In Dec. I created a subdomain called whatiscss.michaelfokken.com, which is a website to explain what css is for those that want to learn css. I made this subdomain to try to make my first million (really just to pay for the continual registration fee of my website). Realized that getting ranked on the search engines is a little harder than I thought. Then I worked a little bit more on ranking for the search engines for the subdomain and got it to page 2 on Google for What is CSS.
Then I started working on michaelfokken.com in about Aug. 2011.
- I've organized the blog into different categories
- Setup the webpages to be optimized for the search engines
- The h1 tag, meta description tag, and title tag have the words I want to rank for
- I wrote the content for the first page to have keywords I want to rank for (I've actually re-written the front page content 3-4 times already)

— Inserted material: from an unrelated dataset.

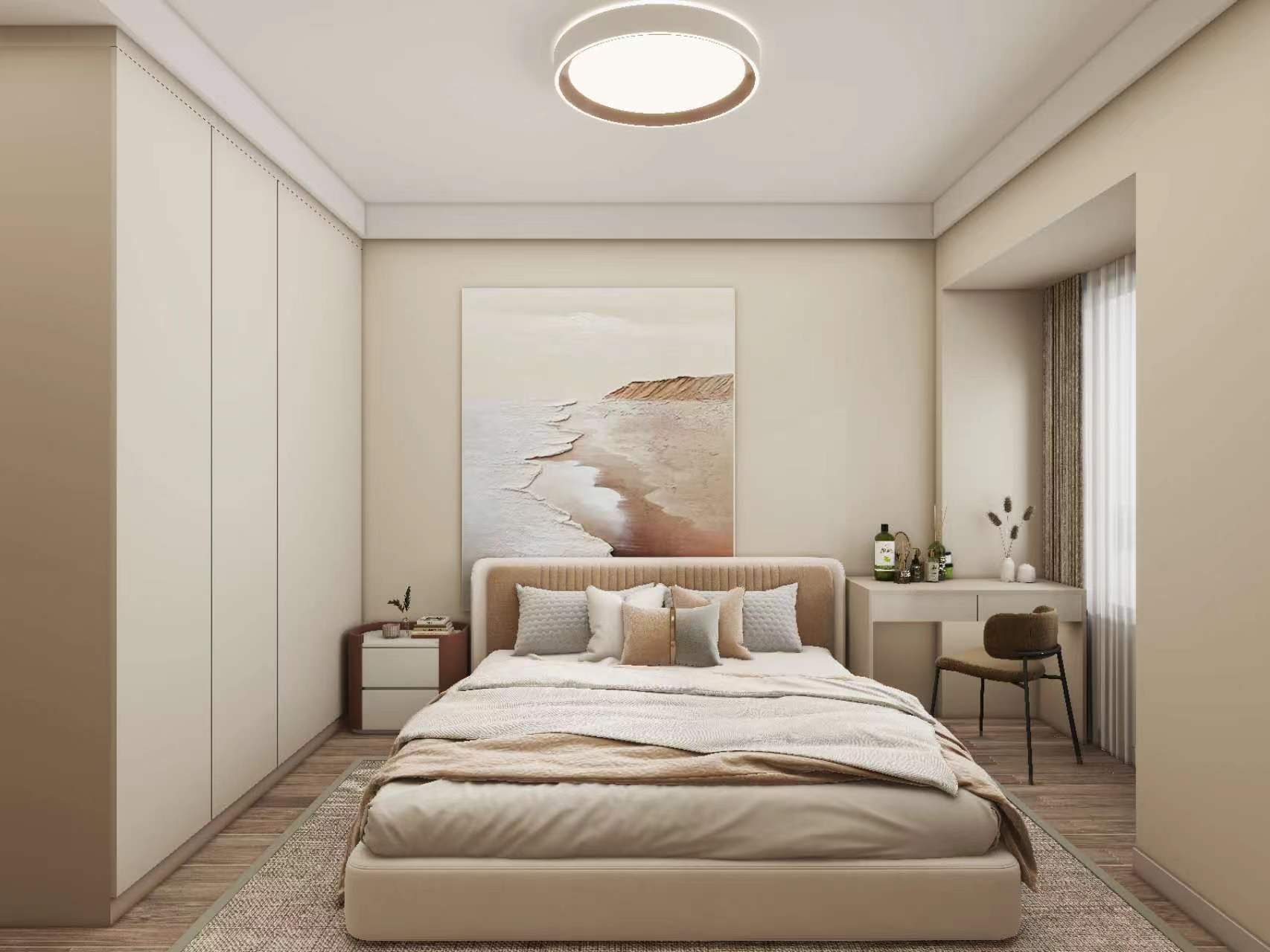 此外,我们的装修效果方案还注重细节处理。每一处细节都经过精心设计,无论是墙壁上的挂画,还是沙发上的抱枕,都与整体设计风格相得益彰。这种对细节的关注,让你的家更具品质感。
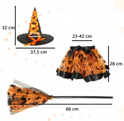 Tout ce dont une petite sorcière a besoin : chapeau pointu, tutu vaporeux et balai stylé dans un design assorti.

- The webpage addresses have keywords in them
- I finally got the design done and coded
- Created an RSS feed for my blog - Connected it with Feedburner.com
- Setup for people to submit comments
- Added social media share buttons on my blog
- Wrote 9 blog posts
- Setup Google Analytics, Webmaster Tools
- Created both type of sitemaps - A sitemap people can view and a xml sitemap for the search engines
- I made sure that any time some one types in just michaelfokken.com, it goes to www.michaelfokken.com
For external optimization:
- I've commented on about 45 different blogs
- Submitted my site to about 15 directories - directorycritic.com
- Created a twitter.com account (82 tweets, 9 followers, following 16)
- Created a delicious.com account (save 55 bookmarks so far)
- Started sharing and getting involved in social media
- Created Gravatar, Disqus accounts
- Shared my blog posts on twitter and a few on delicious
- Shared other interesting articles I found on twitter and delicious
- I setup my delicious account to (almost) automatically tweet on twitter, too
- Participated in a twitter chat with @Manta on local seo #MantaSMB - (recap)
- I visit a forum regularly and put a link to my site in the signature
Now for the more interesting things, I really haven't done any. One of the things I'm doing is contra-competitive timing (when everyone else isn't sharing their blog posts) and sharing good informational links, even if they are links to other sites, in my tweets. Also, I'm posting my good blog posts early in the morning so hopefully people will find them and reference them in their blog posts.
Write content that's interesting (at least I think it's interesting or else I wouldn't stay up past 2am for who knows how many nights to write. :) )
Once I write an article, I make sure to ask people to share it on facebook, twitter, their own blog, etc. It sounds like I'm begging people, but honestly most people won't think about sharing a website with their friends unless you ask them.
When I write my post, I try to make sure that it sounds like I'm just talking. I use contractions and I refer to you as you, instead of as the reader.
Since this is the beginning part of the documentation of what I did, I'm sure I missed something. But one thing that I feel is going to help me, is that as I come up with ideas to post about, I write them down in a master file called "Things to Write/Talk About." That way I should never have writer's block.